O transcorrer da prova são entusiasmou muito o público porque a partir da volta 14 (de 30) o vencedor já estava definido, nas voltas finais Rossi não ameaçou Márquez e sua segunda colocação não foi desafiada. Não houve na Alemanha o festival de ultrapassagens entre os líderes como aconteceu em Assen (Holanda), a única troca nas seis primeiras posições entre as voltas 13 e 22 aconteceu quando Rossi assumiu a vice-liderança que pertencia até então a Jorge Lorenzo. As últimas voltas foram um pouco mais agitadas, houve a escalada de Maverick Vinales que saiu da sétima posição para ocupar um lugar no pódio e Lorenzo caiu do terceiro para o sexto lugar. O resultado final registrou a quinta vitória de Márquez nas nove etapas realizadas antes das férias de verão (na Europa), uma inédita dobradinha da Yamaha no pódio este ano e um relativo fracasso para as Ducati, que não apresentaram na pista o mesmo desempenho dos testes livres e tomada de tempos. A quarta colocação de Danilo Petrucci foi amarga por ter perdido o pódio nas duas voltas finais, Alvaro Bautista vibrou com a sua quinta colocação com uma GP17, à frente das duas GP18 da equipe oficial de fábrica, Jorge Lorenzo fechou os seis primeiros penando com o equipamento, ainda assim na frente de Andrea Dovizioso.

A MotoGP entra em recesso por três semanas para uma curta temporada de férias. A próxima prova está prevista para 5 de agosto em Brno na República Checa na pista chamada oficialmente de Circuito Masaryk, que abre a segunda metade da temporada 2018. Em 2017 Marc Márquez venceu esta etapa e iniciou a escalada que o levou a conquistar o seu quarto título mundial.

O atual campeão tem uma vantagem cômoda de 46 pontos em relação ao seu mais próximo desafiante, o italiano Valentino Rossi. Nas nove etapas já realizadas o espanhol venceu 5, chegou em segundo em duas e não pontuou em outras duas. O italiano ainda não obteve vitórias e esteve no pódio em 5 oportunidades, só não marcou pontos ao se envolver com Márquez e cair na Argentina.

Este ano a chamada “Temporada Maluca”, a formação do grid para a próxima temporada foi antecipada.

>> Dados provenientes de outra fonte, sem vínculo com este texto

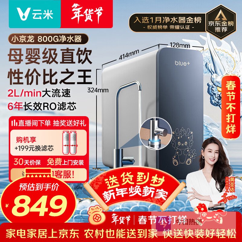 【京东自营】云米小京龙800G厨下净水器6年反渗透RO膜大通量0阻垢剂家用母婴直饮机净水机MR862¥

Praticamente todas as equipes já firmaram contratos com seus pilotos para 2019. Os fatos mais significativos foram o anúncio da aposentadoria de Dani Pedrosa e a mudança de Jorge Lorenzo, que finalmente voltou a vencer, para a equipe oficial da Honda.

Os tempos obtidos na formação do grid em todas as provas estão muito próximos, só 174 milésimos de segundo separaram o pole do 5º colocado em Sachsenring, o que indica que os fabricantes estão disponibilizando para os pilotos equipamentos com desempenho muito próximo. Entre os dez primeiros colocados no campeonato até agora estão 4 Ducati (Dovizioso, Lorenzo, Petrucci e Jack Miller), três Yamaha (Rossi, Vinales e Zarco), duas Honda (Márquez e Crutchlow) e uma Suzuki (Iannone). Os irmãos Espargaró comparecem como os mais bem colocados dos dois outros fabricantes, Pol com a KTM em 14º e Aleix a Aprilia em 18º.

A explicação simplista de que a atual vantagem de Márquez no mundial se deve à superioridade do equipamento Honda não encontra apoio nos registros oficiais. A fábrica fornece protótipos para seis pilotos e o mais próximo do espanhol na pontuação do campeonato é o britânico Cal Crutchlow, que venceu na Argentina e contabiliza menos da metade dos pontos do colega.